**YOUR GOAL**. Quote only the span from the first line of the entries to the line containing "TRENDnet TPE-TG160g 16-Port", both ends kept. Leave every picture out.

**TASK INPUT**.
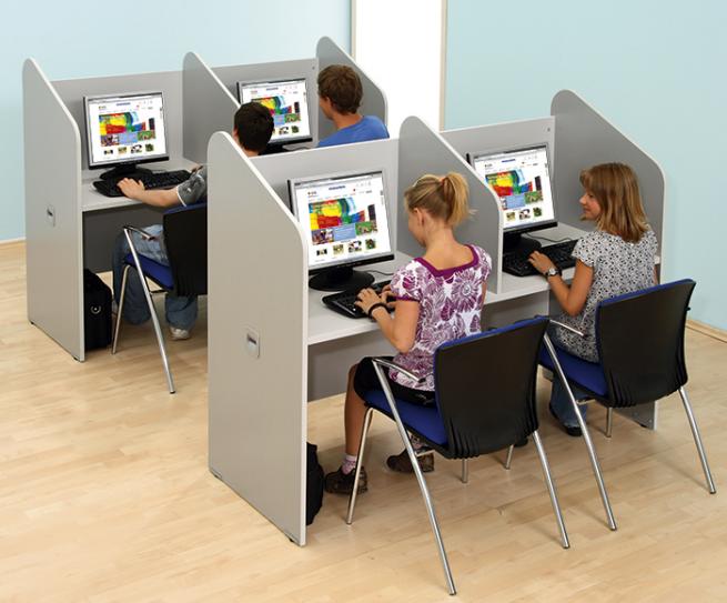 Arbeiten ohne Ablenkung. Die Trennwand macht aus dem Doppelarbeitsplatz zwei individuelle Plätze, die ungestörtes Arbeiten ermöglichen. Das Abschreiben wird ebenfalls verhindert. Dank seitlicher Kabeldurchlässe und in der Tischplatte ist der Einsatz auch als Tischreihe möglich. Das graue Dekor ist zeitlos. Zur einfachen Selbstmontage. Lieferung frei Bordsteinkante.
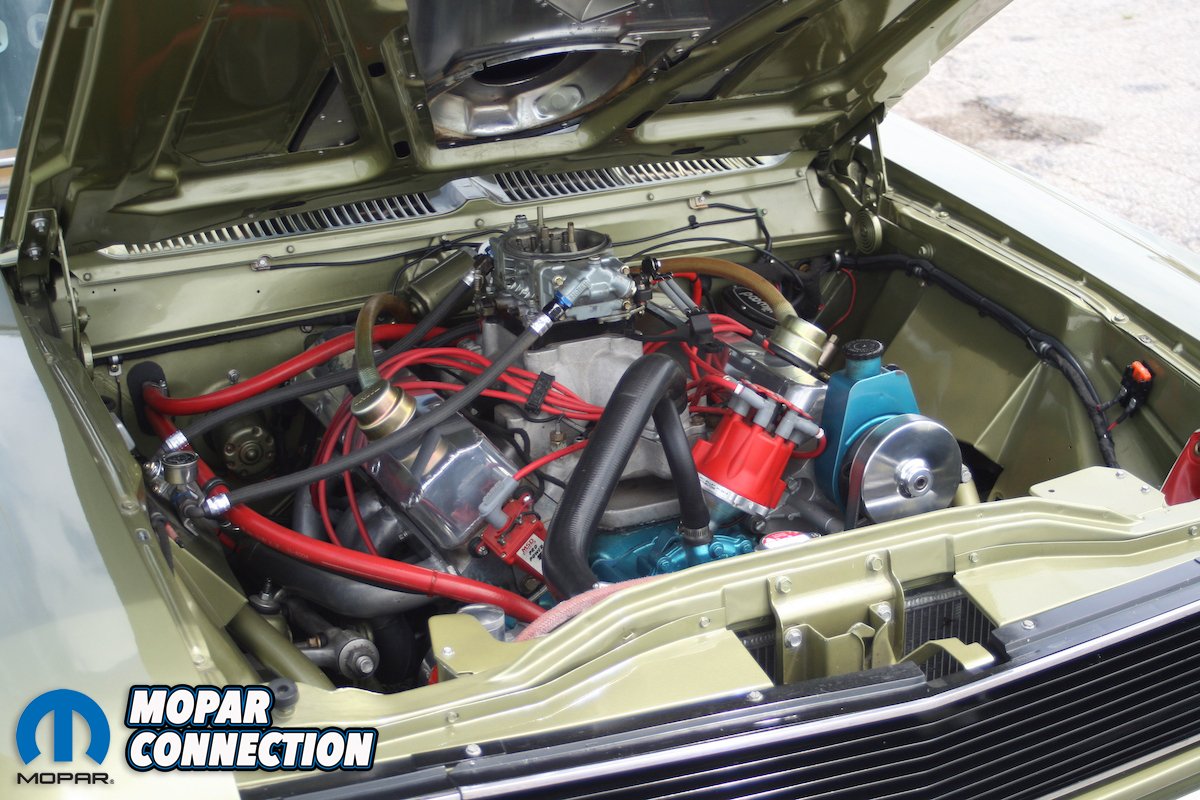 To power this mean machine, Don replaced the old 401 mill with an AMC 390 cu in short block stroker that was stretched to 433 cu in. Aftermarket aluminum Indy 401-1 heads have been ported and shaped to 58 cc by Konigshofer Brothers. A ‘71-74 forged 401 crank was milled and balanced for 6” rods. Attached to those rods are forged pistons with full floating pins. It has a Reed solid roller cam (.720 lift/269 duration on the intake and .277 on the exhaust @ .050) with Johnson roller lifters and 3/8 Indy 2-piece push rods.
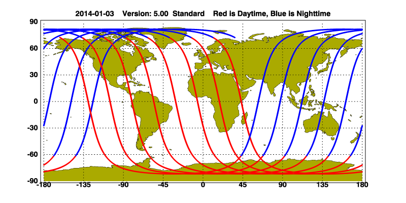 The orbit track locations for the entire Level 1 .hdf file are in black and the orbit track locations corresponding to this page are color coded.
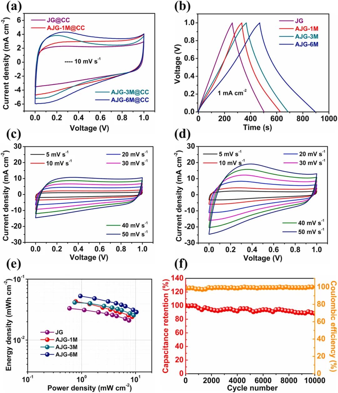 图4展示了由JG@CC和AJG@CC电极制成的对称超级电容器设备在不同扫描速率下的循环伏安(CV)曲线和恒流充放电(GCD)曲线。AJG@CC电极在不同KOH浓度激活下显示出显著的电容差异,其中6M KOH激活的AJG@CC电极在5 mV s⁻¹时面积比电容最高,达到380.2 mF cm⁻²。Ragone图显示,AJG@CC基超级电容器的最大能量密度为52.8 μWh cm⁻²,远高于非激活样品。此外,经过10000次充放电循环后,设备仍保持92%的容量,显示出优异的循环稳定性。
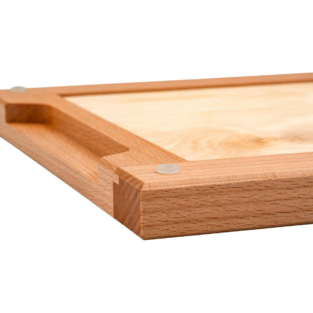 Brotschneidebrett aus geöltem Buchenholz mit herausnehmbarem Krümelgitter und Gummifüßen als Schutz gegen Verrutschen.
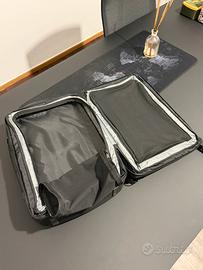Scomparto principale per trasportare accessori, documenti e articoli personali molto capiente, apribile a 180 gradi.
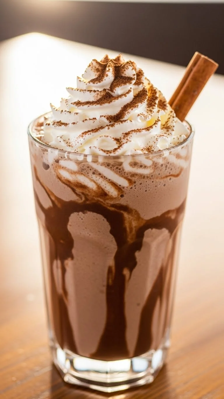 Blend chocolate ice cream with a pinch of cinnamon and cocoa. Simple and warm.
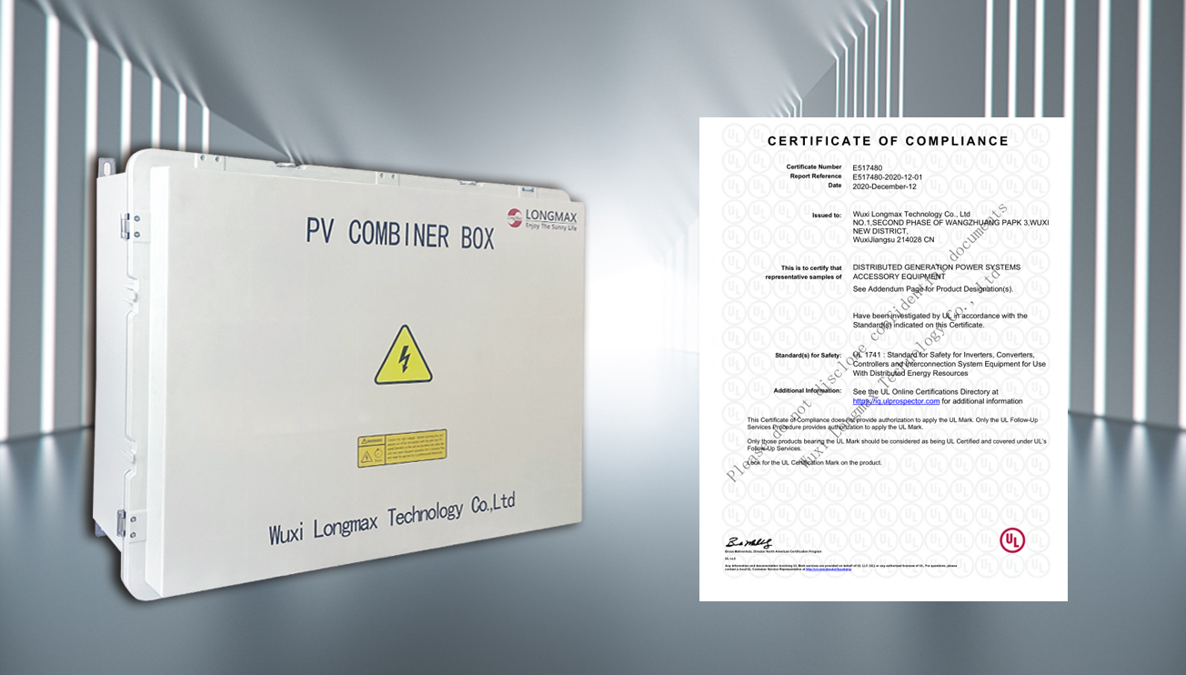 DC1500V的智能汇流箱产品,获得国内第一家UL认证证书
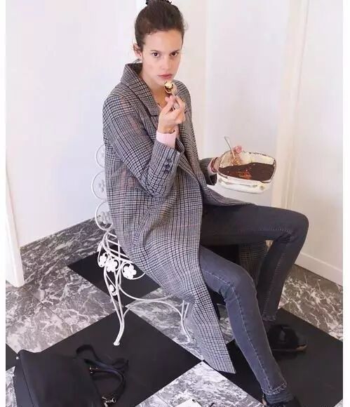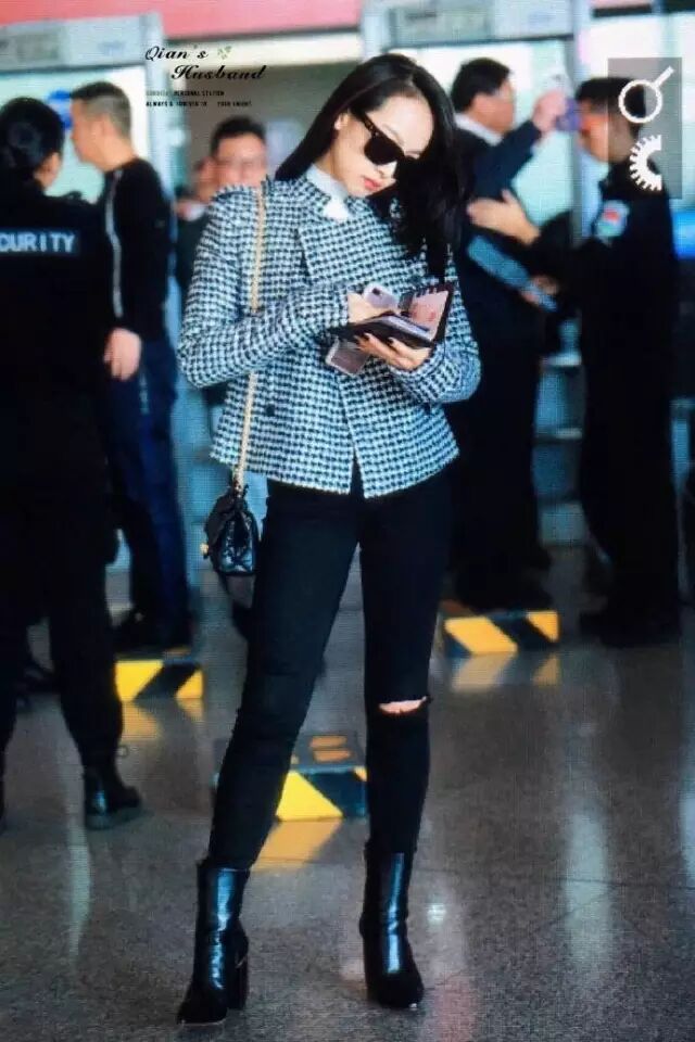 前脚刚粉嫩少女完了,而水晶的另一套帅气复古风了,灰色细格纹外套+黑色衬衫+紧身裤,优雅英伦风格~黑色皮靴加持很加分。
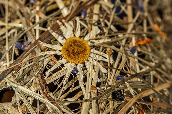 Wie goed kijkt, ontdekt ook bloemen in de hooilamp. De margrieten worden door de stoffenproducent zelf geteeld. De goudsbloemen, lavendel en zonnebloemen zijn afgekeurd voor thee- en kruidenmelanges, maar komen hier prima tot hun recht. Na het drogen worden ze stuk voor stuk met de hand in het hooimengsel gestoken alvorens dit door de pers gaat. “Elke lampenkap is uniek”, aldus Horst.
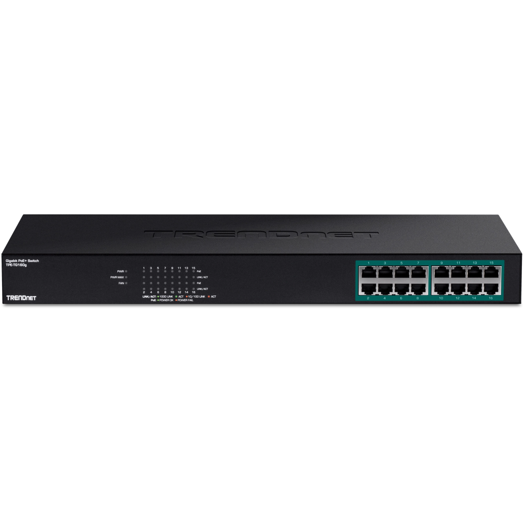 TRENDnet TPE-TG160g 16-Port Gigabit PoE+ Switch, 246W PoE Budget
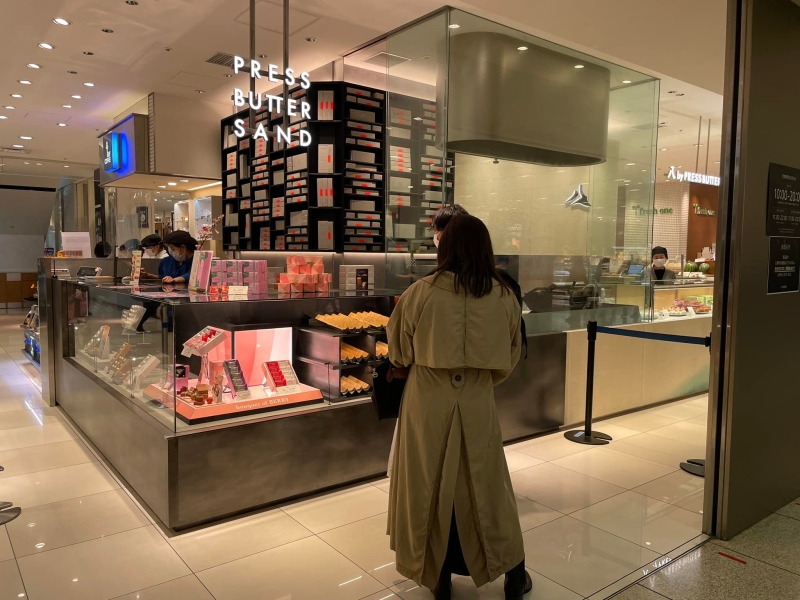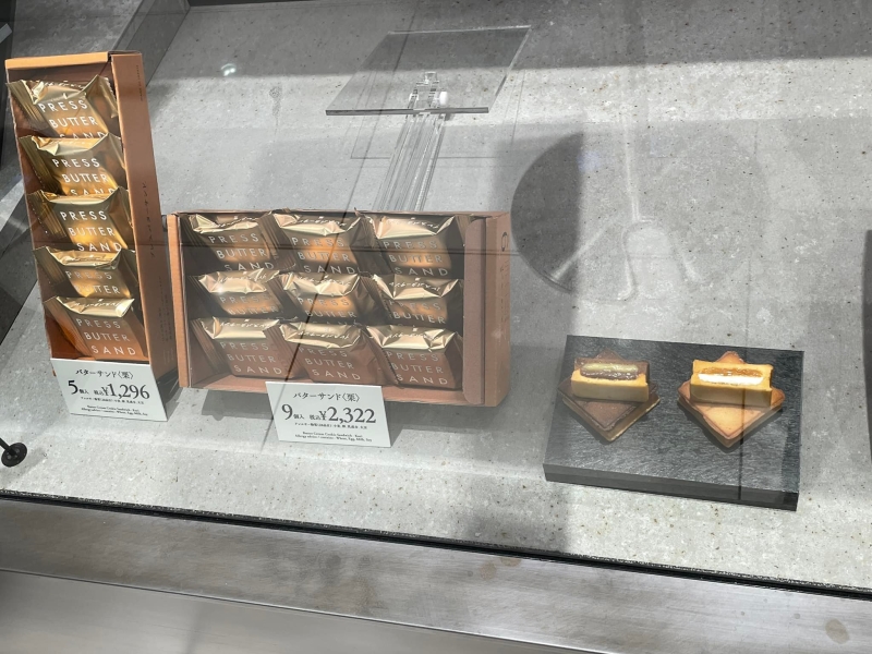 大丸東京店の地下1階にある「PRESS BUTTER SAND(プレスバターサンド)」。本来の風味を活かしたバター入りのクリームとキャラメルソースをサンドしたバターサンドが手に入るほか、焼き立てのバターサンドを味わえます。
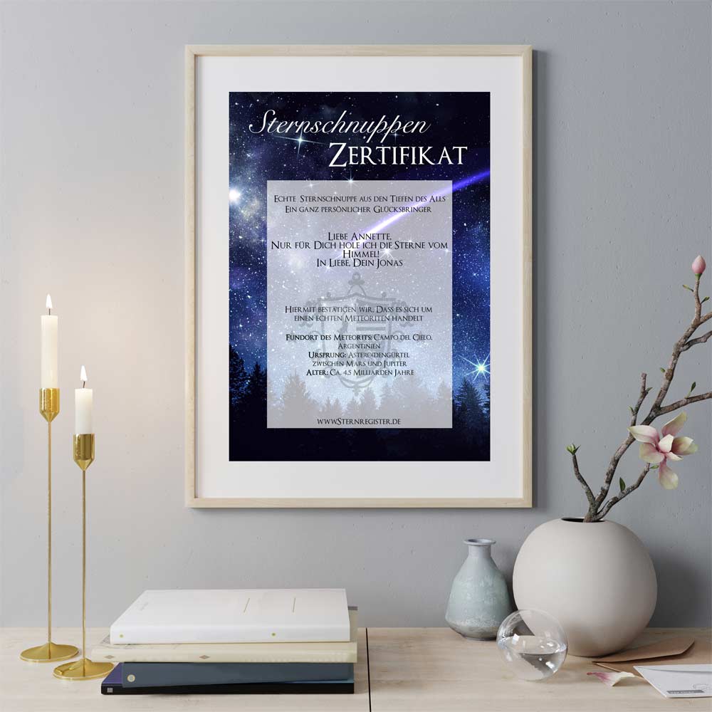 Verschenken Sie mit einer echten Sternschnuppe einen Glücksbringer aus den tiefen des Alls:
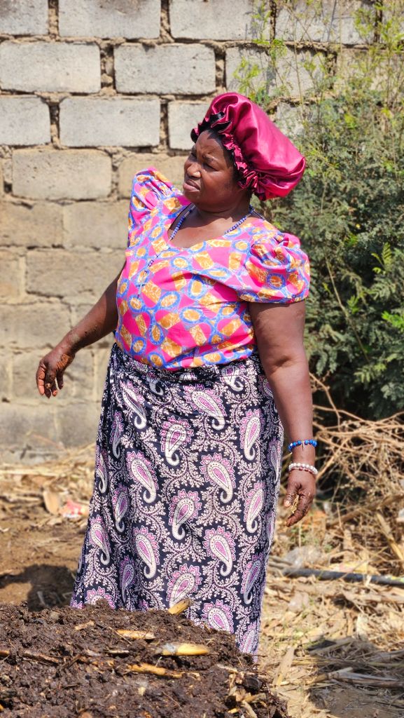 During our visit, we had the opportunity to see their work up close. Together with members of the organization, we visited a new project site. We helped set up a compost bin, build a small pigeon house and an efficient clay stove for cooking.
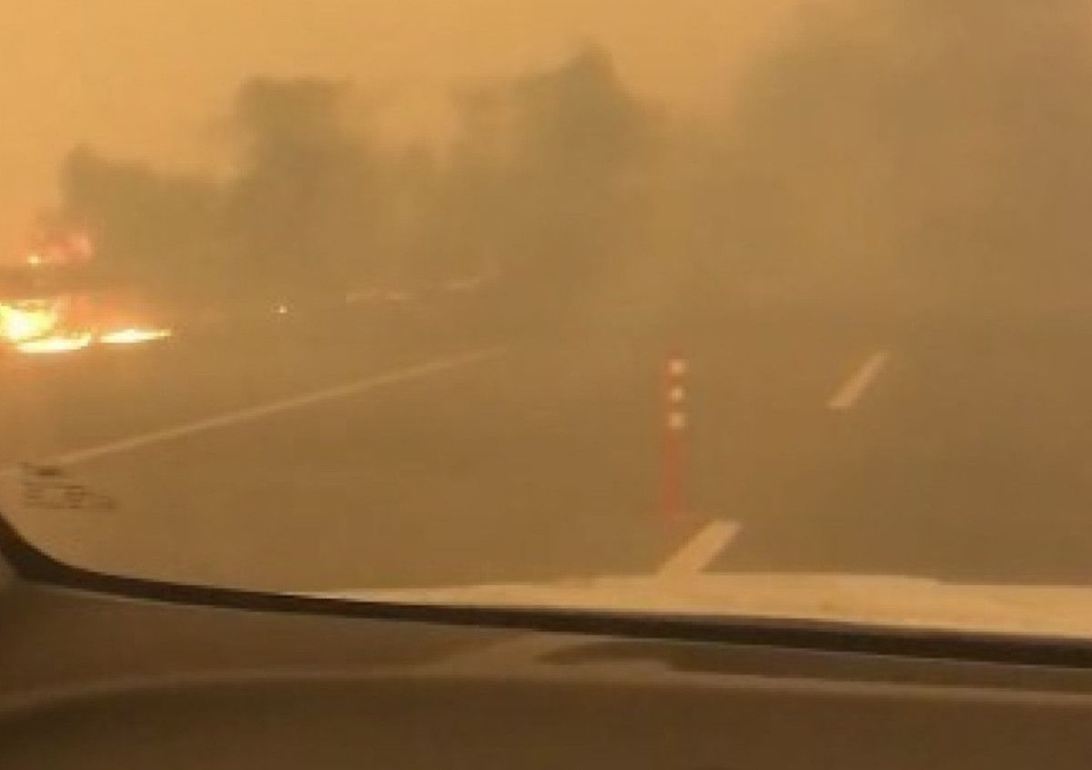 Görüntülerde alevlerin yola kadar indiği ve dumandan görüş aralığının neredeyse sıfıra düştüğü görülürken, araçtaki bir kişinin “Ağabey çıkmamız lazım, ortada kaldık. Allah’ım, sen yardım et, Ya Rabbim. Allah’ım sen büyüksün.” halindeki paniği kayda yansıyor.
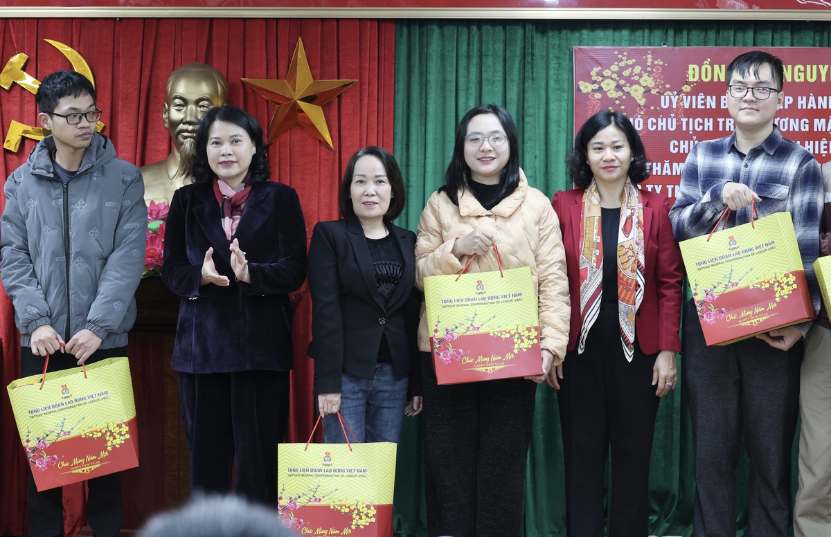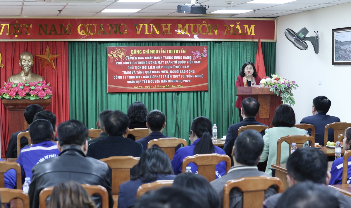 Bà Nguyễn Thị Tuyến (giữa), Ủy viên TƯ Đảng, Phó Chủ tịch Ủy ban Trung ương MTTQ Việt Nam, Chủ tịch Hội LHPN Việt Nam, chúc mừng cán bộ, công nhân, người lao động tại Công ty TNHH MTV Đầu tư phát triển Thủy lợi Sông Nhuệ nhân dịp Tết Bính Ngọ 2026

**TASK RESULT**.
 Arbeiten ohne Ablenkung. Die Trennwand macht aus dem Doppelarbeitsplatz zwei individuelle Plätze, die ungestörtes Arbeiten ermöglichen. Das Abschreiben wird ebenfalls verhindert. Dank seitlicher Kabeldurchlässe und in der Tischplatte ist der Einsatz auch als Tischreihe möglich. Das graue Dekor ist zeitlos. Zur einfachen Selbstmontage. Lieferung frei Bordsteinkante.
 To power this mean machine, Don replaced the old 401 mill with an AMC 390 cu in short block stroker that was stretched to 433 cu in. Aftermarket aluminum Indy 401-1 heads have been ported and shaped to 58 cc by Konigshofer Brothers. A ‘71-74 forged 401 crank was milled and balanced for 6” rods. Attached to those rods are forged pistons with full floating pins. It has a Reed solid roller cam (.720 lift/269 duration on the intake and .277 on the exhaust @ .050) with Johnson roller lifters and 3/8 Indy 2-piece push rods.
 The orbit track locations for the entire Level 1 .hdf file are in black and the orbit track locations corresponding to this page are color coded.
 图4展示了由JG@CC和AJG@CC电极制成的对称超级电容器设备在不同扫描速率下的循环伏安(CV)曲线和恒流充放电(GCD)曲线。AJG@CC电极在不同KOH浓度激活下显示出显著的电容差异,其中6M KOH激活的AJG@CC电极在5 mV s⁻¹时面积比电容最高,达到380.2 mF cm⁻²。Ragone图显示,AJG@CC基超级电容器的最大能量密度为52.8 μWh cm⁻²,远高于非激活样品。此外,经过10000次充放电循环后,设备仍保持92%的容量,显示出优异的循环稳定性。
 Brotschneidebrett aus geöltem Buchenholz mit herausnehmbarem Krümelgitter und Gummifüßen als Schutz gegen Verrutschen.
Scomparto principale per trasportare accessori, documenti e articoli personali molto capiente, apribile a 180 gradi.
 Blend chocolate ice cream with a pinch of cinnamon and cocoa. Simple and warm.
 DC1500V的智能汇流箱产品,获得国内第一家UL认证证书
 前脚刚粉嫩少女完了,而水晶的另一套帅气复古风了,灰色细格纹外套+黑色衬衫+紧身裤,优雅英伦风格~黑色皮靴加持很加分。
 Wie goed kijkt, ontdekt ook bloemen in de hooilamp. De margrieten worden door de stoffenproducent zelf geteeld. De goudsbloemen, lavendel en zonnebloemen zijn afgekeurd voor thee- en kruidenmelanges, maar komen hier prima tot hun recht. Na het drogen worden ze stuk voor stuk met de hand in het hooimengsel gestoken alvorens dit door de pers gaat. “Elke lampenkap is uniek”, aldus Horst.
 TRENDnet TPE-TG160g 16-Port Gigabit PoE+ Switch, 246W PoE Budget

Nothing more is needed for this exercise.